For more reading, try Gary Adshead's At Large articles in The West. Adshead did quite well in an earlier stint as Inside Cover. Far more interesting -- less up himself and less interested in name dropping than the present incumbent. Adshead has also written some good investigative articles. With At Large, he attempts to inject humour into politics.And fails miserably.
I mean, just look at today's article, "Forget polls, cover girl Julia's talk of the town". Adshead does his best. But it's like... well...
Many years ago I set myself a target: Name any topic and I will tell you a joke on that topic. I was doing quite well, with a large repertoire of jokes and the ability to quickly adapt an old joke to fit a new target.
Then I thought, "Salt & pepper shakers." I was inspired by a short story, where the salt & pepper shakers were central to the plot. "I will do," I told myself, "A joke on salt & pepper shakers."
Years later and I have almost given up.
"A salt shaker & a pepper grinder walk into a bar..." No. (Hmmm... Has potential, though.)
"Why was the salt a shaker? Because the pepper... ummm. Oh."
The current election campaign is like salt & pepper shakers: Try as hard as you like, it is just not funny.
But I thought of it first!
I really would like to rant and rage about today's news. But it's all politics. And politics is just done to death. Still, there is one small point that I would like to make:Years ago I was a public service manager. Before that, I had been in private enterprise. I found that public servants were every bit as good at their jobs as private employees. There were, however, differences.
In the public service -- as a manager -- I had to avoid thinking aloud. "I wonder," I said, "If we could do this task this different way..." I expected some discussion. There was none.

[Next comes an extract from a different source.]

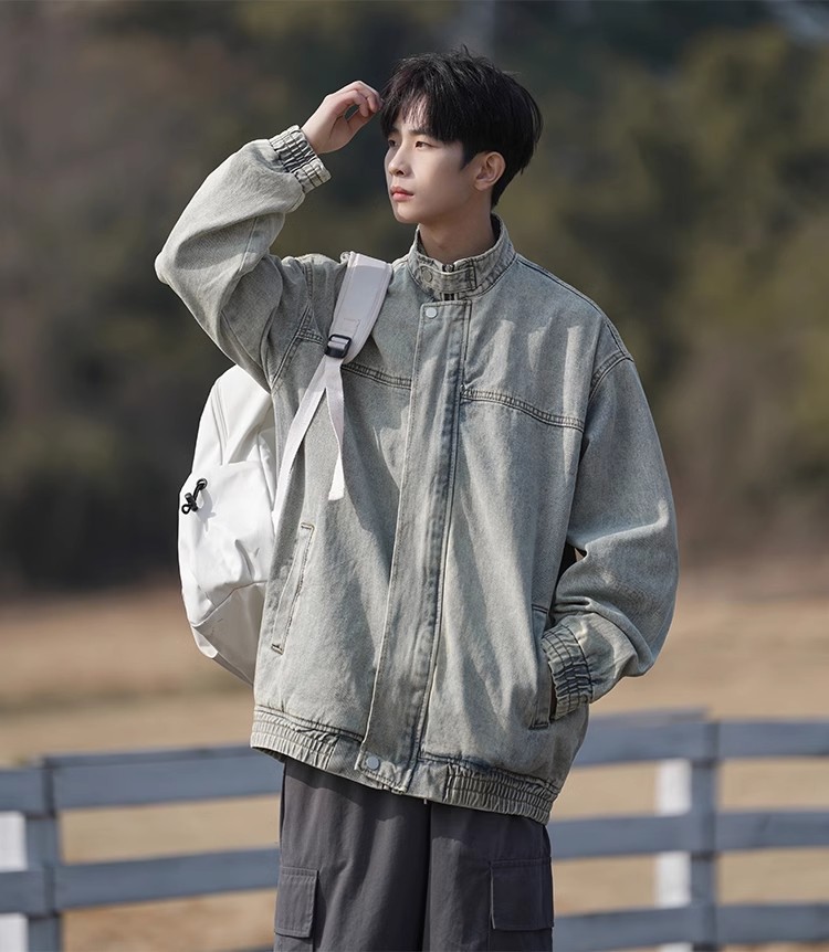 2024 새로운 미국 스타일 러시 재킷 남성 봄과 가을 십대 Shuai 방풍 후드 야외 소년 자켓스토어 가기

A week later, I found that the task was being done this different way. "But you said to do it this different way," I was told. I was a manager, my every word was an absolute command.
Not that that has anything to do with this article...
As a manager, I had to attend many, many committee meetings.
"Why not," I thought, carefully, to myself, "Why not send a level 1 clerk to attend these meetings?" Very few decisions were ever made. The meetings were to document, via minutes, that discussions had been held. Occasionally, ready-made decisions were brought to the meetings in order to be officially documented.
I could save myself a lot of time, I thought, if I sent a level one clerk to these meetings. If anything interesting really happened, the level 1 clerk would simply say, I have to check with my boss, and avoid making a commitment. Why not?
Now I see that prime ministers have stolen my idea.
Now-ex-PM Rudd sent underlings to security meetings. Now-PM-then-deputy-PM Gillard sent underlings "to attend highly sensitive security meetings on her behalf" (PM hit by new leak allegation, The West, 31 Jul 10).
So what?!
"Highly sensitive"?! If it were really highly sensitive -- why would you invite a politician? Politicians, apparently, leak like sieves.
"Meetings"?! Are they meetings -- where decisions are to be made? Or are they simply briefings, where a disinterested and uninformed PM is told of decisions that have already been made. Read the minutes!
So the PM and the ex-PM stole my idea. Good luck to them.
And I think I'd trust "a former bodyguard and junior staff member" more than any PM.
Lie detector online
I recently heard that a website provides an online lie detector. It may have even called it a "political bullshit detector". Sorry for the vague reference... I was not really listening.But I can tell you how it works:
A political lie detector is simple. Get a motion detector. Point it at a politician's lips. If the motion detector detects motion -- light up the big lights: "Political lie detected."
Politics, eh.
Sorry to have bored you for so long.